Al ver cómo le felicitaban unánimemente los jefes y los compañeros por
su _serenidad_, comprendió que lo que padecía era atrofia del
entusiasmo. Y así le cogió la disolución del cuerpo de artillería por
decreto revolucionario. Casi se alegró. Ya no tenía cariño al uniforme.
Y sin embargo, todavía el _espíritu de cuerpo_ le dominaba. Le cruzó por
las mientes irse al campo carlista, y no lo hizo, porque los compañeros
habían determinado «aguardar, estar á ver venir.» Se fué á Madrid,
hospedándose en casa de unos parientes encumbrados, un título primo de
su madre.
¡Cuántos recuerdos se le agolpaban! La noche oscura parecía poblarse de
estrellas y constelaciones, de centelleos misteriosos.... Gabriel sentía
una impresión, frecuente en las personas á quienes la viveza de la
fantasía y de la sensibilidad hacen pasar, durante una existencia
relativamente corta, por muchas y muy variadas fases psíquicas.
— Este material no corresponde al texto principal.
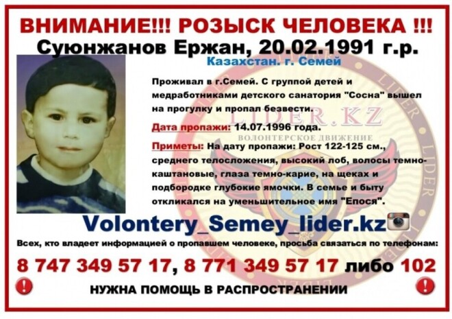 Вот уже 25 лет родственники Ержана Суюнжанова ищут мальчика по всему Казахстану. Когда малыш пропал в санатории, ему было пять лет. Мальчик вышел в лес на прогулку вместе с другими детьми, но погнался за бабочками и пропал. Работники санатория искали Ержана своими силами три дня, а затем, не найдя, признались родителям, которые сообщили об этом в полицию. Но драгоценное время было потеряно.
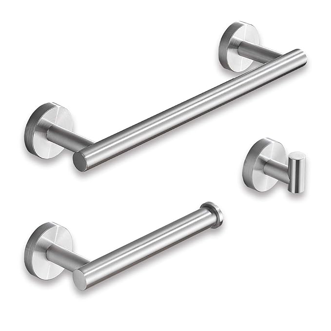 3 Pieces Bathroom Hardware Sets Brushed Nickel Contemporary Style Sus304 Stainless Steel Wall Mounted Includes 12 Towel Bar Toilet Paper Holder Robe Hooks Amazon In Home Kitchen

Admirábase del cambio producido en él por aquellos meses de residencia
en Madrid, y al mismo tiempo, se sorprendía _ahora_ de lo que se había
realizado en él _entonces_, y no creía ser la misma persona, sino evocar
la historia de otro hombre. Él no fué ni pudo jamás el brillante y
frívolo mancebo á quien tan especiales agasajos y tan lisonjera acogida
dispensaron las damas de alto copete, que le obsequiaban por oficial del
cuerpo hostil á la Revolución y por hidalgo provinciano, pero de vieja
cepa, de veintitantos abriles y gallarda figura. ¡Cuán dulces bromas le
habían sido disparadas entonces por risueños labios, recalcadas por el
guiño semi-altanero y semi-picaresco de algunos flecheros ojos de rica
hembra, á propósito de su afición á _la peña_, entonces erigida en
sociedad reaccionaria, ojalatera del alfonsismo! Gabriel en el fondo se
sentía muy _peñasco_, igual que antes, y abominaba de saraos y visitas
de cumplido, de andar poniéndose el frac y el ramito en el ojal, de
saludos en la Castellana y bailes por todo lo fino; pero el asunto es
que iba, iba, iba, seguía yendo, arrastrado por una blanca mano cuya
piel suave le causaba mareos deliciosos..... Era una viuda, hermana de
la mujer de su primo, en cuya casa vivía; hermosa hembra de treinta y
tantos, dotada de ingenio, oro y blasones... Gabriel no había tenido
sino aventuras de alojamiento ó de días de salida en Segovia. Volvióse
loco, y un día, con la mente y la sangre caldeadas, habló de bodas, para
asegurar hasta el fin de la vida la dicha actual... Se le rieron
blandamente, y como insistió, le pusieron de patitas fuera del paraíso.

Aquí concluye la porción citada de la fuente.